Arthur Laffer: “From now on it isn’t going to be as much fun being an American.”
By Ralph Benko, adapted from Newsmax and republished by permission of the author
In 1971, President Nixon held an infamous Camp David meeting where his economic policy advisors engineered the “Nixon Shock.” On August 15th, Nixon then announced that he, among other measures, was “temporarily” closing the “gold window.”
The other measures are gone. The gold window remains closed.
Nixon promised that this wouldn’t affect prices. Then the dollar lost 85% of its purchasing power.
Arthur Laffer, then the OMB economist, on the steps of the Old Executive Office Building, thereafter said to journalist Jude Wanniski, as recounted by Wanniski to Robert Merry, who later told me: “From now on it isn’t going to be as much fun being an American.”
Meaning? America’s prestige, prosperity, and attendant privileges would, along with the value of the dollar, soon erode. Prophetic words.
Inflation soon became virulent. Gas at the pump went from around 36 cents to over a dollar.
Now it’s over $4. Despite appearances (“the energy crisis.” “OPEC.” “Sticker shock.” ) the culprit really wasn’t “rising prices.”
Rising prices are the symptom. The cause was, and is, the decline in the value of the dollar.
Lyndon Johnson set that in motion by closing the London gold pool. And left office in disgrace.
Nixon formalized it by “closing the gold window.” And left office in disgrace.
Now?
Recall the coda of The Who’s Won’t Get Fooled Again.
Right now, the Kremlin’s cruelty toward Ukraine, an acute geopolitical and humanitarian crisis, commands our attention away from the chronic destructiveness of bad money.
That said, make no mistake. Bad money is as destructive as war. Only, more insidious.
Nicholas Copernicus, one of the smartest people who ever lived, wrote in his 1526 Essay on Money (of which I had the privilege of serving as lead co-editor of its definitive modern translation) that “debasement of coinage,” is one of the chief causes of national destruction:
“ALTHOUGH THERE ARE COUNTLESS MALADIES that are forever causing the decline of kingdoms, princedoms, and republics, the following four (in my judgment) are the most serious: civil discord, a high death rate, sterility of the soil, and the debasement of coinage. The first three are so obvious that everybody recognizes the damage they cause; but the fourth one, which has to do with money, is noticed by only a few very thoughtful people, since it does not operate all at once and at a single blow, but gradually overthrows governments, and in a hidden, insidious way.”
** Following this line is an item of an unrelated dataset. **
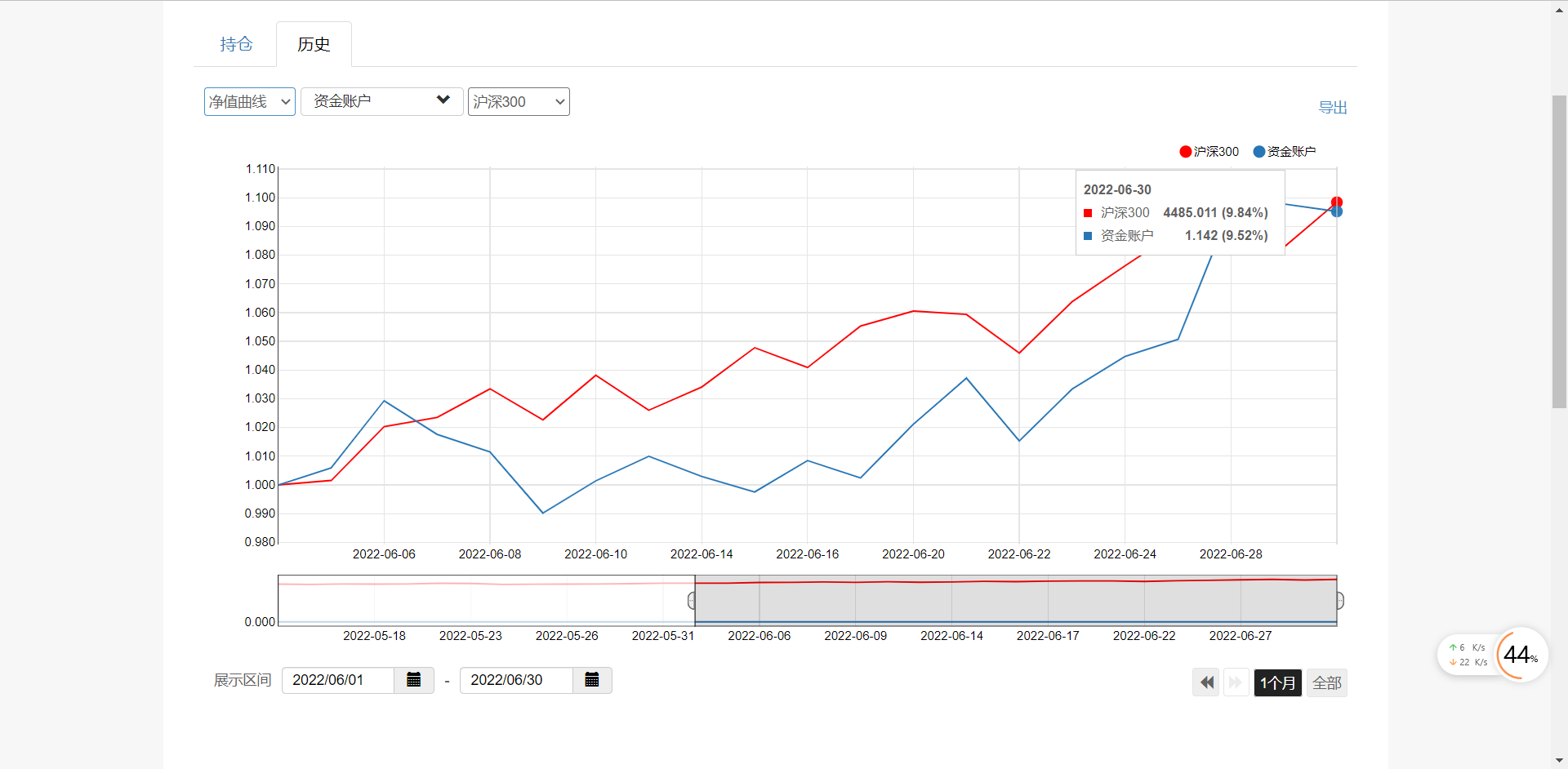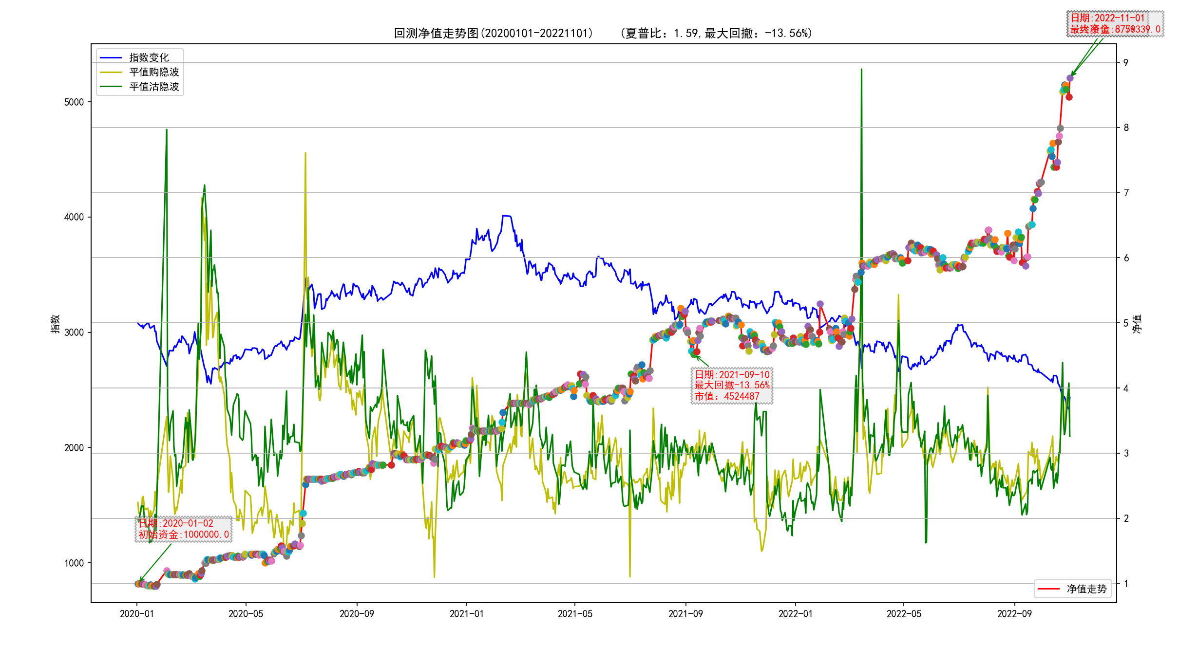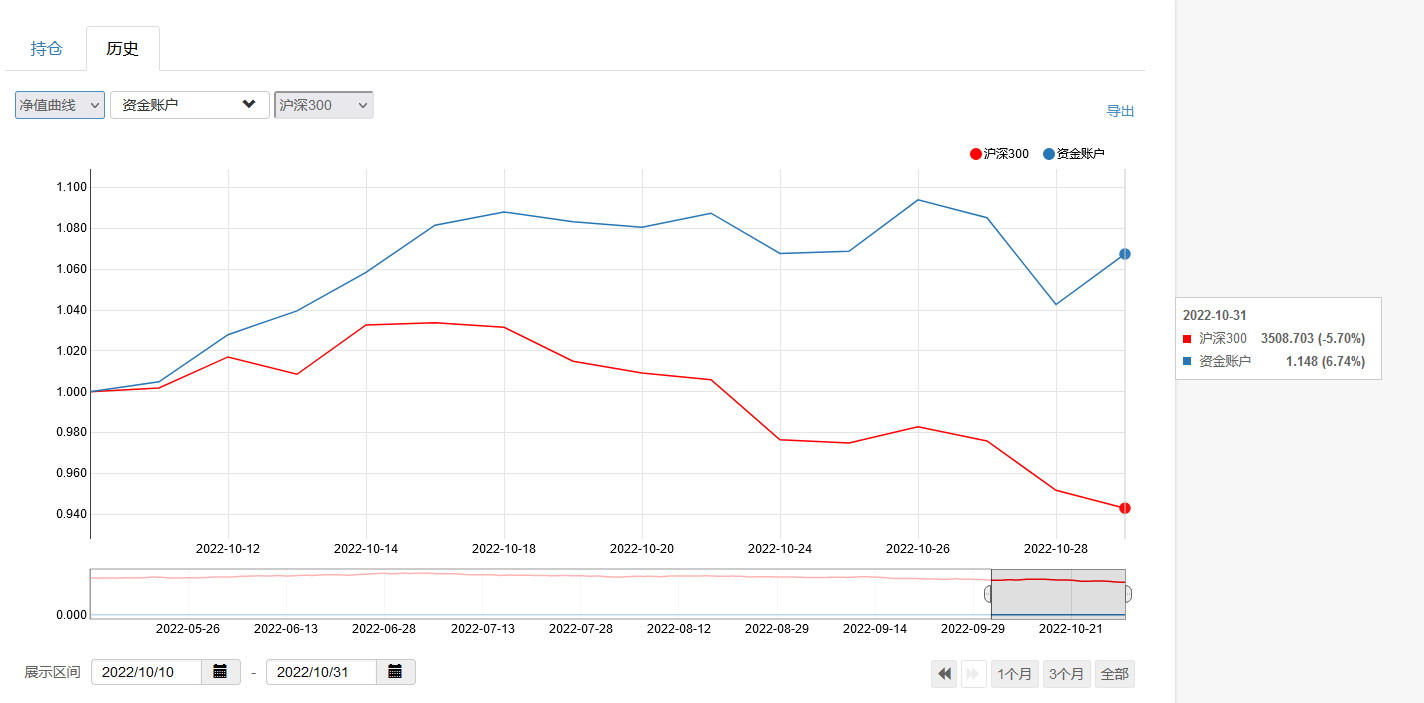 策略自5月13日运行至今一共3个半月,收益为22.31%,相比沪深300的2.19%收益,简直就是碾压。目前已经安排一部分实盘跟进了,看看什么效果。

American-led sanctions on Russia now have put renewed attention on the US dollar. Good. Much—like it being fun to be an American—depends on getting our money right.
Steve Forbes likes to say that the quickest way to repel a couple of bores flanking you on a transatlantic flight is to offer to explain monetary policy. However, money’s interesting.
And, as Copernicus pointed out, consequential. How consequential?
I’ve been hearing apocalyptic predictions by gold bugs about the demise of the dollar, and ensuing hyperinflation, for over forty years, ever since I came to their attention as one of the only two pro-gold of the 23 official witnesses before the Reagan Gold Commission. Hasn’t happened.
No sign of it happening now. Sebastian Mallaby, writing for the Washington Post, recently showed why, despite much prattle to the contrary, the there’s no sign that the dollar is about to lose its status as the world economy’s basic money.
Mallaby writes:
“This dollar defeatism is vastly overblown. … Since 2008, the dollar’s share in the foreign-exchange reserves held by central banks has declined only marginally, from around 65 percent to 60 percent. … Central banks like to use dollars for the same reasons that companies and individuals do. They hold dollars knowing that others will gladly accept them, just as many learn English because others speak it. … Of course, the dollar’s reserve-currency status is not a divine right, and the Fed should step up its determination to fight inflation.”
But Houston? We have a problem.
France’s then-finance minister Valery Giscard d’Estaing, once called the reserve currency status of the dollar an “exorbitant privilege.” It’s also a curse.
History shows that only the classical gold standard, in which the world’s currencies are defined by and legally convertible into gold (not dollars), reliably fosters sustained equitable prosperity.
Forty some years ago, we supply-siders, defying conventional wisdom, prescribed stabilizing the dollar (and, secondarily, cutting marginal tax rates) to cure stagflation. We then proposed using gold.
In practice the stabilization occurred through the hawkish monetary policy of Fed Chairman Paul Volcker with the support of President Reagan. They quelled inflation and fomented sizzling equitable prosperity by tightening the money supply.
Inflation’s now back. Washington presents as clueless to inflation’s cause, and cure, as in the days of Jimmy Carter.
How to fix it? One Congressperson, à la Jack Kemp, to go for the gold.